Stephanie, die Partnerin von Mark, überrascht mit der Frage,
was eine Agentur denn überhaupt ausmacht. Sie arbeitet in der Verwaltung einer
Klinik und da achtet man auf die technische Ausstattung und darauf, welches
Image die Klinik in Bezug auf bestimmte Therapiefelder hat. Gute Frage!
Claudia, die Freundin von Pascal, berichtet darüber, dass der Notar, für den
sie arbeitet, hauptsächlich von dem Netzwerk profitiere, das er sich aufgebaut
hat. Er verfüge zwar über profunde Kenntnisse in Bezug auf Markenrechte etc., aber
sie habe den Eindruck, dass die wenigsten Mandanten das überhaupt erkennen und
beurteilen können. Ihnen reiche das gute Gefühl der gezielten Empfehlung scheinbar
völlig aus.
Wir „Jungs“ schauen uns an und stellen eine gewisse
Unsicherheit fest. Ja, was ist es denn, was eine Agentur wirklich ausmacht? Die
technische Einrichtung, analog zu der Klinik von Stephanie ist es eher nicht.
Das Know-how, analog zu Claudias Notar spielt dabei sicherlich eine Rolle. Es
wird aber selten als Spezialisierung herausgestellt und aktive Empfehlungen sind
in der Agenturszene ja auch eher die Ausnahme. Wir geben uns wirklich Mühe, den
Markenkern einer typischen Kommunikationsagentur zu definieren. Heraus kommt
dabei, dass eine Agentur ein Konglomerat aus Unternehmensberatung und
Manufakturbetrieb darstellt. Und in der Summe stets ein auf Personen
begründetes Leistungsversprechen verkauft.

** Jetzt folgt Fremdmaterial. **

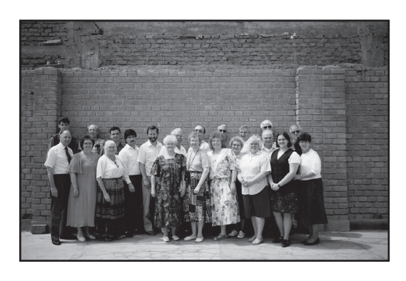
(One of the Work & Witness teams that worked on the Peru Seminary buildings.)

without the help of Work & Witness teams. Preference in assigning projects for this assistance is usually given to district centers, parsonages, and offices, and often to an important ministry center, or even first church, in a developing mission area. As mentioned before, the Work & Witness teams that have gone to the jungle areas have fulfilled an important role in encouraging the formation of strong churches as well as giving an unforgettable mission experience to the team members.
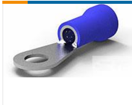
TE Part #52264-4 TERMINAL R PG 6 5/16
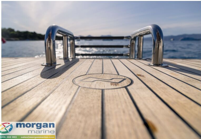
Nimbus 305 Coupe Exterior 21
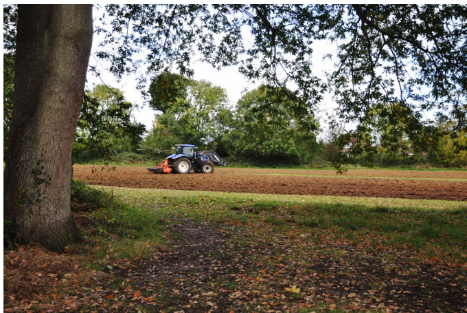
Power harrowing, this breaks up the soil
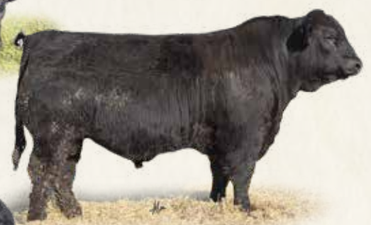
COLE JUNEAU 48J ET
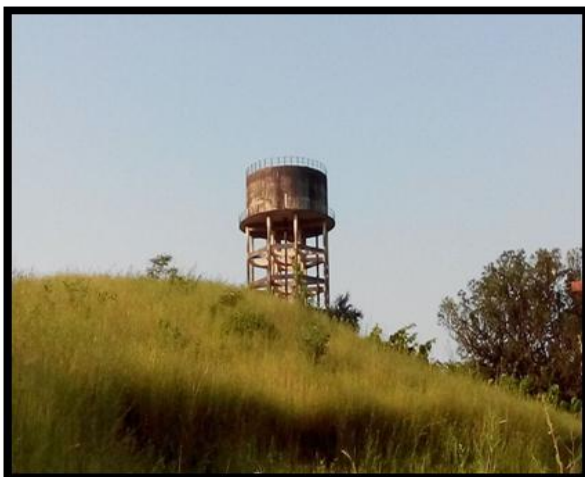
Fig 5: 4,65,000 litres TANK AT MOHACHI VADI

From these tanks daily water is distributed using only gravity method to the villages mentioned above.

Und damit zeigt sich ja schon das Dilemma, welches wir in
unseren Neugeschäftsaktivitäten immer wieder spüren. Sucht der Auftraggeber in Zeiten
des unüberschaubaren Angebotes nicht nach etwas anderem als dem, was wir ihm so
anbieten? Wie zum Beispiel der Sicherheit, auch seinen internen Widersachern
gegenüber argumentieren zu können, warum er gerade uns als Agentur gewählt hat?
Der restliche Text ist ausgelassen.